What's this?

Here’s a photograph sent to me by Marc Latham ...

An interesting and unusual image! It took me a moment to work out what it was, but then I realised that Marc was standing in the courtyard of an old building, pointing the camera directly upwards.

In my experience most people rarely look up, and it’s always a great idea to seek out interesting and unusual viewpoints.

However a criticism that I’d make of this image is that it has no subject and, as a result, is maybe a bit too puzzling. There’s something that appears to be a bird on the left-hand side, but it could also be a leaf, or even an object thrown out of a window. Then the vapour trail coming out of the chimney looks like it should be smoke ... but it’s too straight. And it cuts the image in half.
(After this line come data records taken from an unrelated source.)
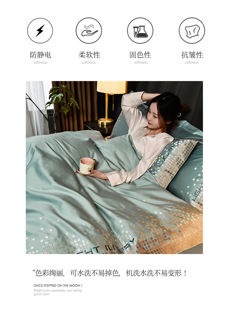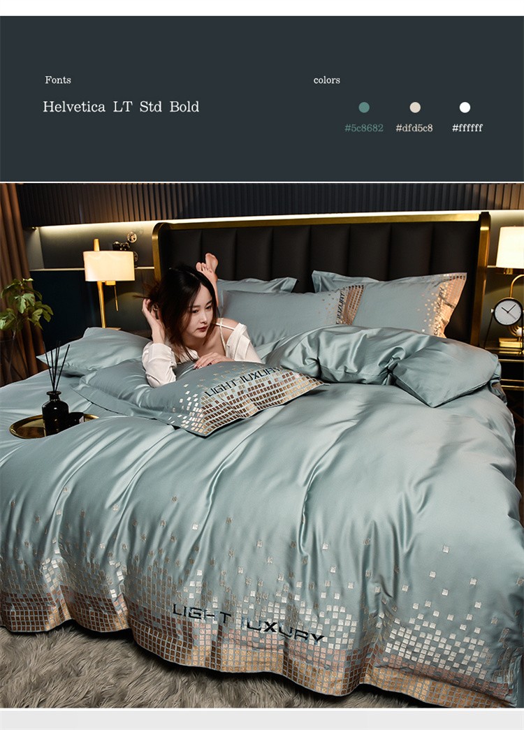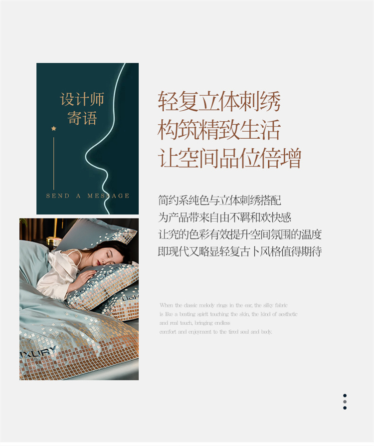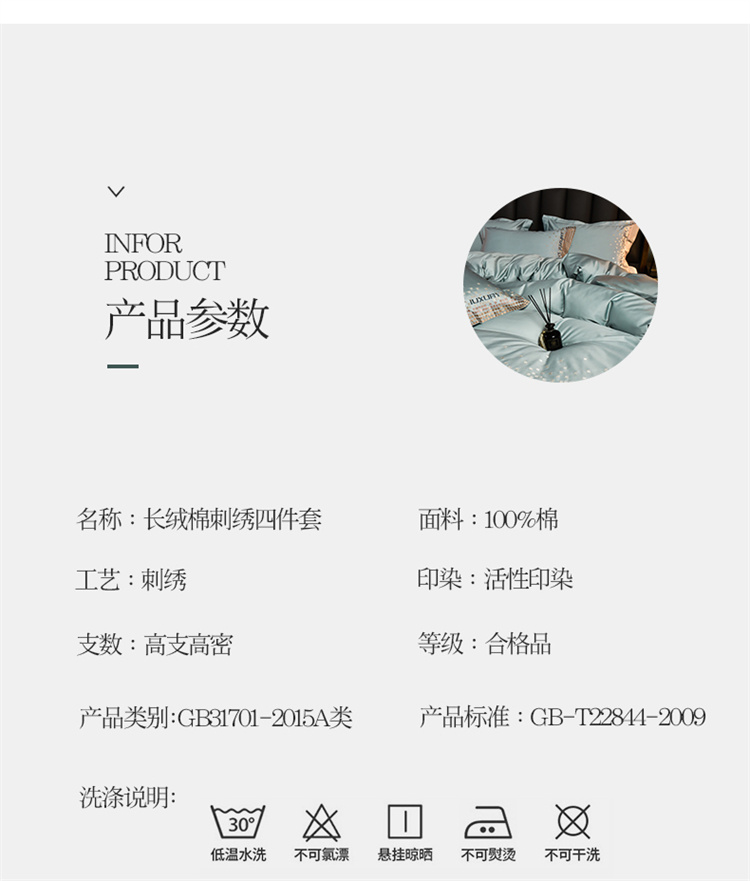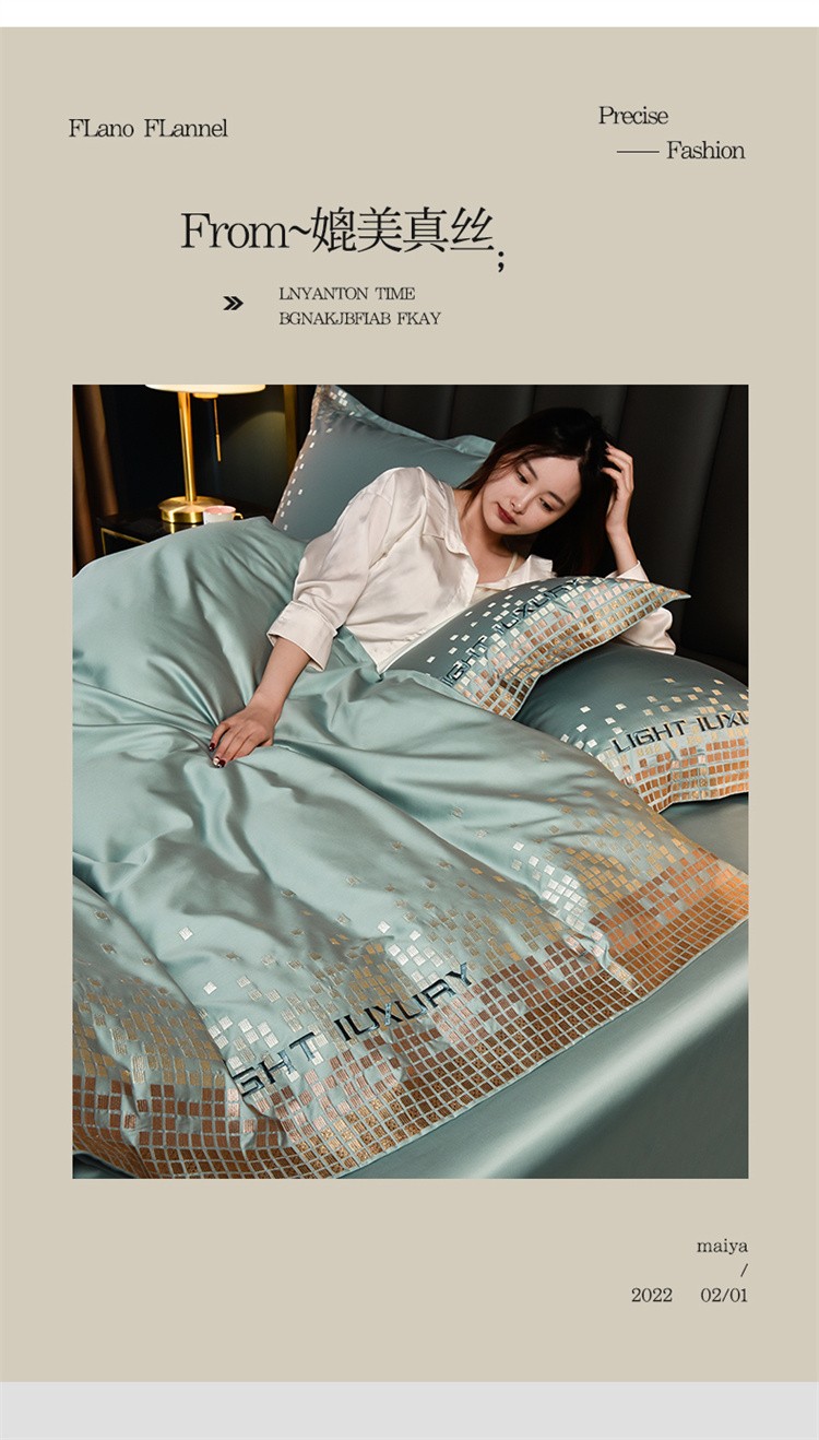 当前位置: 91家纺网 > 商品网购 > 床品套件 > 四件套 > 长绒棉四件套 > 米奈 2024新款A类100S长绒棉刺绣四件套有质检报告-戴纳清新绿
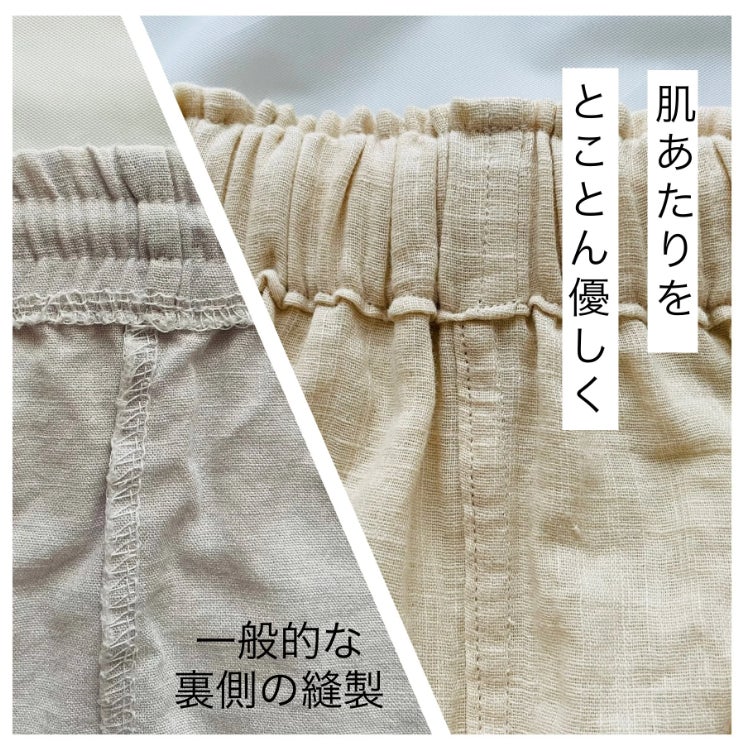 しかし、ただ天然素材に変えただけでは問題は解決せず、ロックミシンの縫製糸がかゆみの原因であることが分かり、縫製方法を研究。速乾吸湿性をもつ国産ダブルガーゼを使用し、赤ちゃんの肌着にも負けない最大限の優しさを実現した。
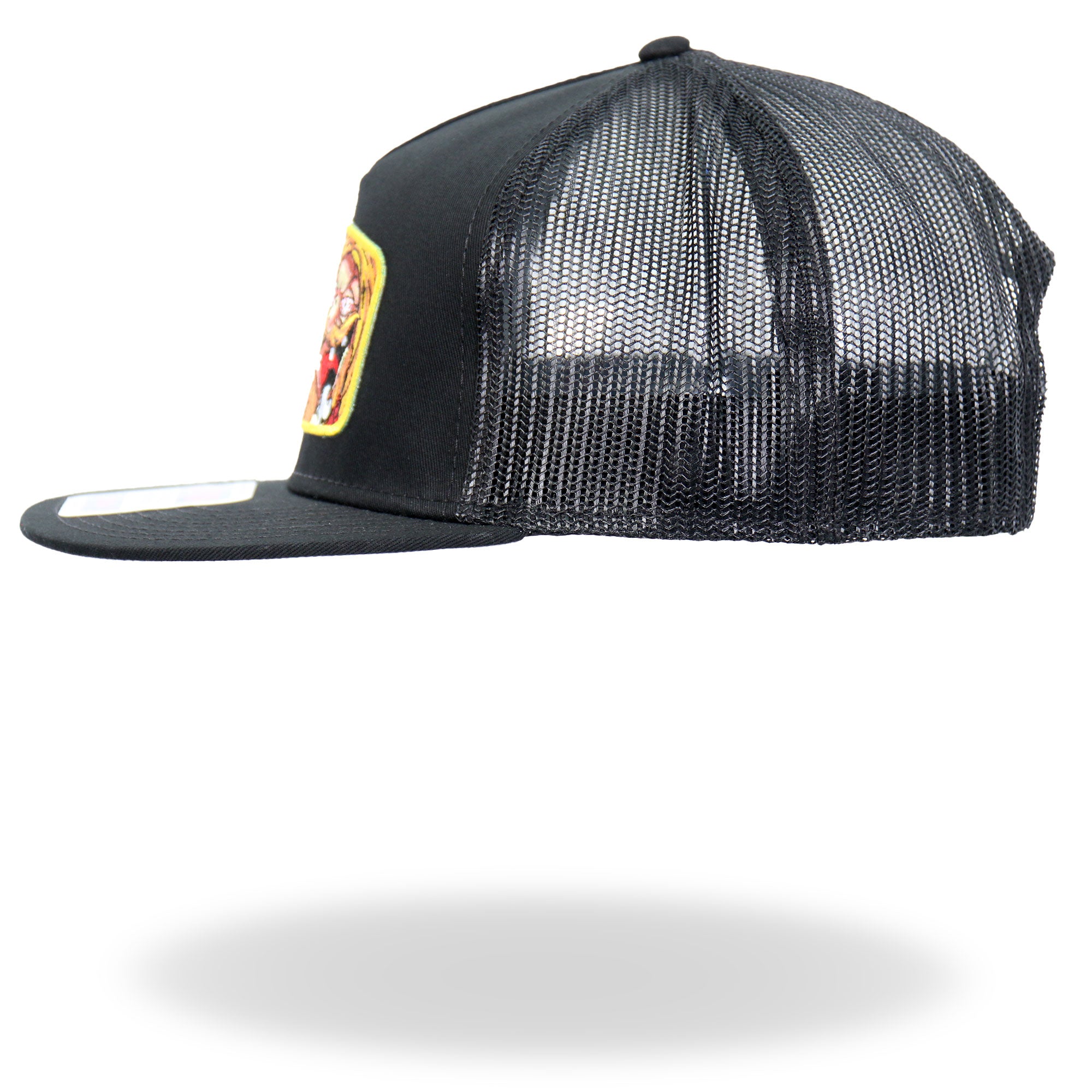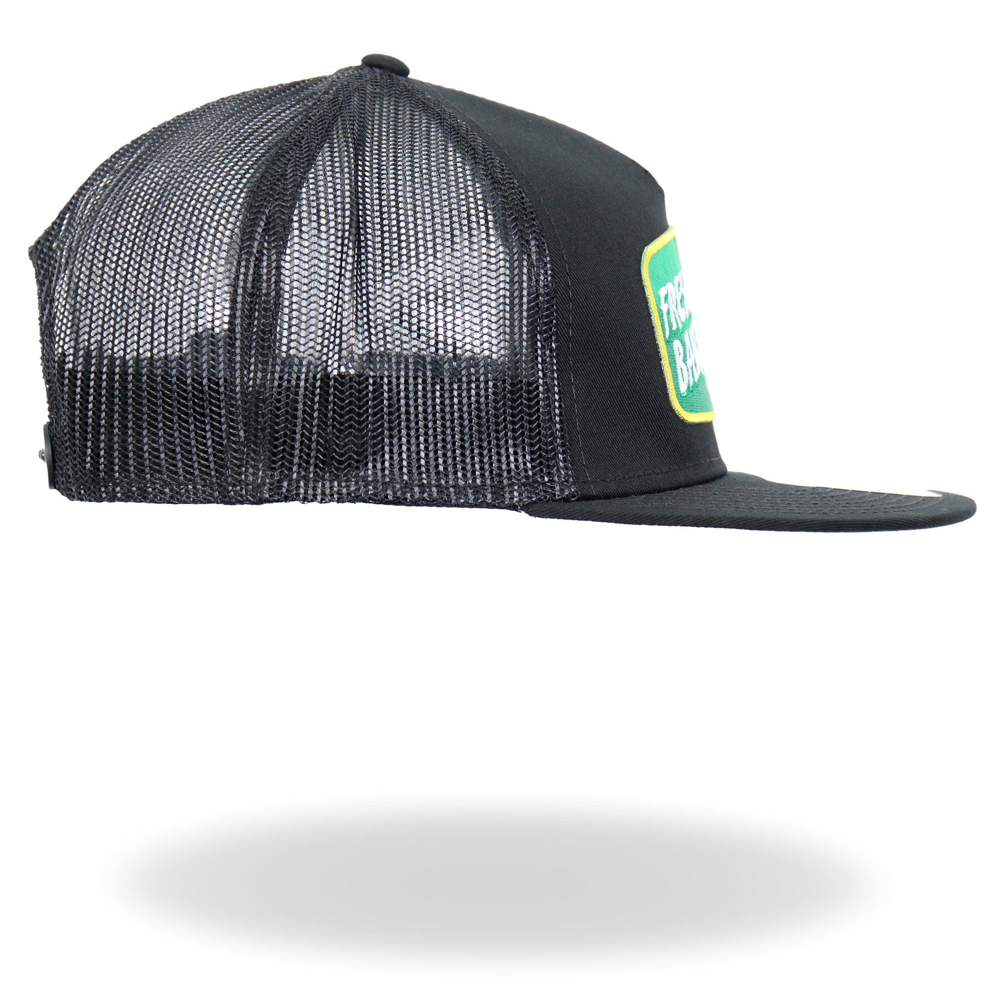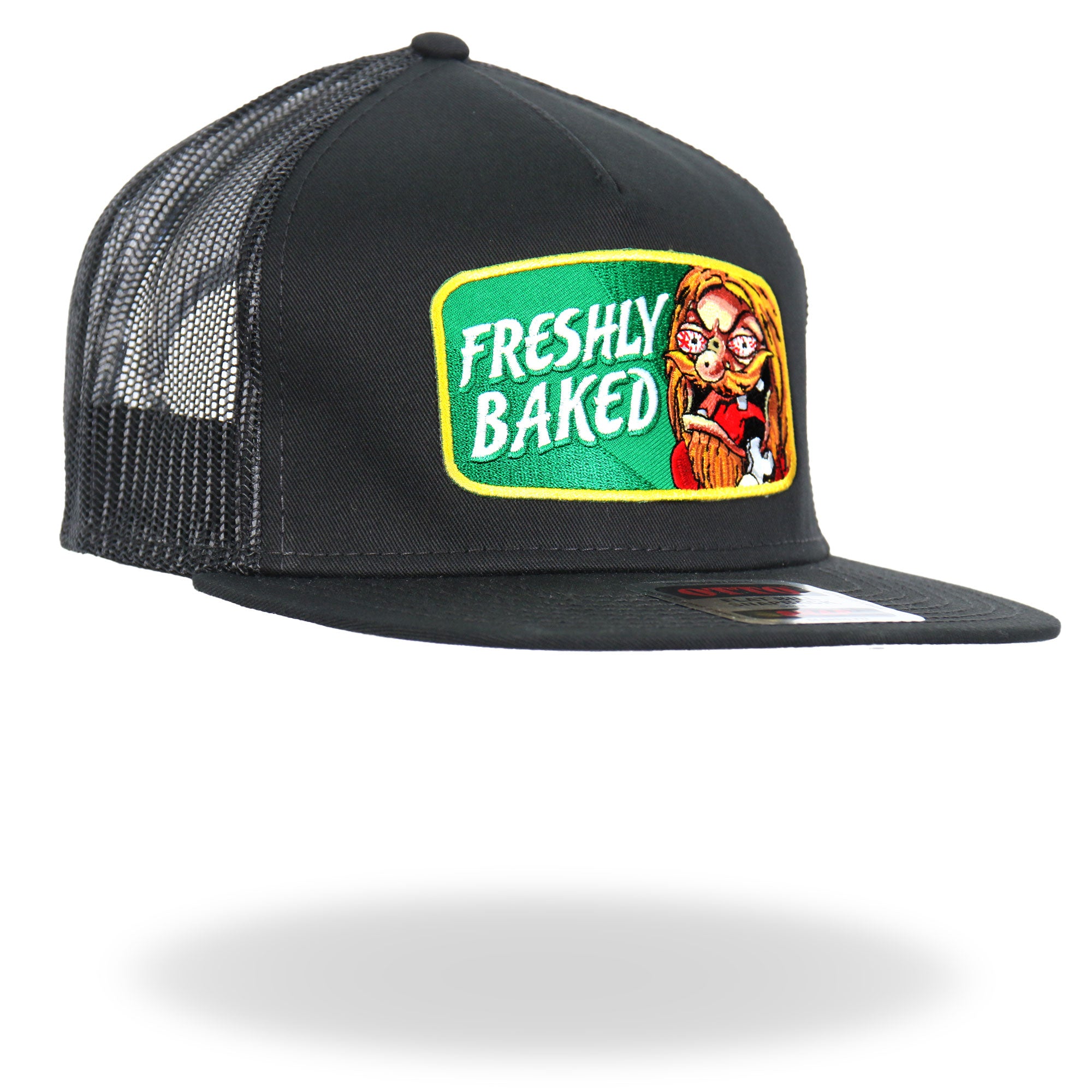 This black freshly baked hat features a green and yellow bordered patch with a stoner mechanic holding a wrench.
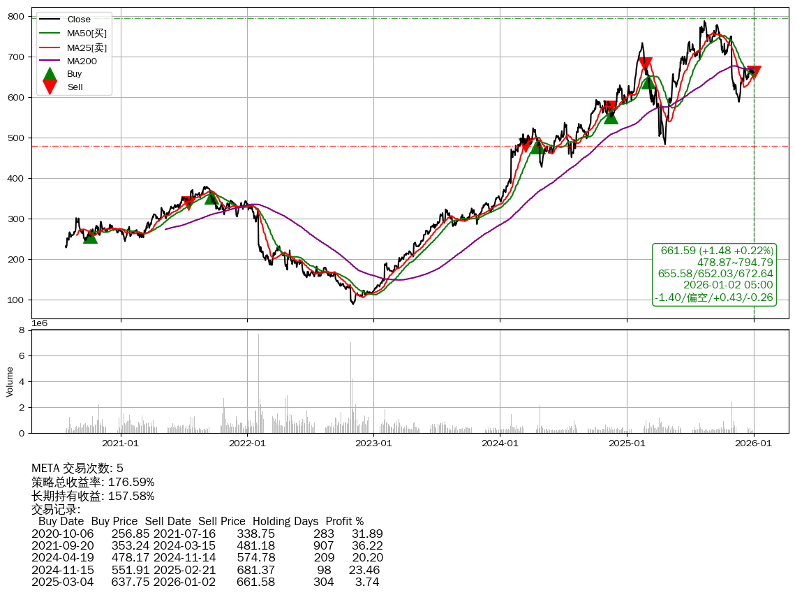 | 13 | ★META | $650.74(-9.16 -1.39%) 01-02 14:59 659.90 12-31 | 📉回撤 2025-08-12 -16.11% (142天) 788.62(2025-08-11)→588.67(2025-11-19) | +176.59% | +157.58% | +19.01% | 5 | 偏空/0.43/-0.26 | 2020-07-27~2026-01-02 |
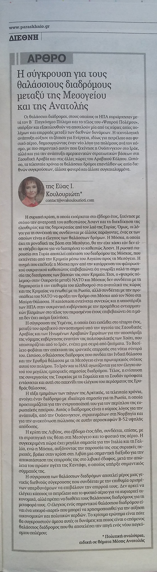Η σύγκρουση για τους θαλάσσιους διαδρόμους μεταξύ της Μεσογείου και της Ανατολής20 Ιανουαρίου, 2018 στο Αρθρογραφία / Παρασκήνιο

In his e-mail Marc wrote: I'm afraid my photos were not deemed to be of high enough quality when I submitted them to stock agencies.

I don’t know if he submitted this image as part of his trial batch but, if you’re trying to sell through agencies, a question to ask yourself is, “Why would anyone want to buy this image?”

The other thing to watch out for in photographs with large areas of uniform colour - like the sky - is ‘noise’. Most agencies will reject anything that is too ‘noisy’.

I can’t see, from the size of the image that Marc sent, if this image suffers from it, but here is some ‘noise’ from one of my images ...

This is a small section of sky, viewed at 100%. The noise is the random mottling. It’s caused by a variety of factors. Too high an ISO setting (the ‘film speed’) is one reason. But it may be due to the camera. Cameras with small sensors are particularly prone to it. That is one reason why the sensor size of a camera (rarely quoted in sales pitches) is far more important than the number of megapixels.

And if your camera suffers from it, this is one of the times you can say your equipment is letting you down.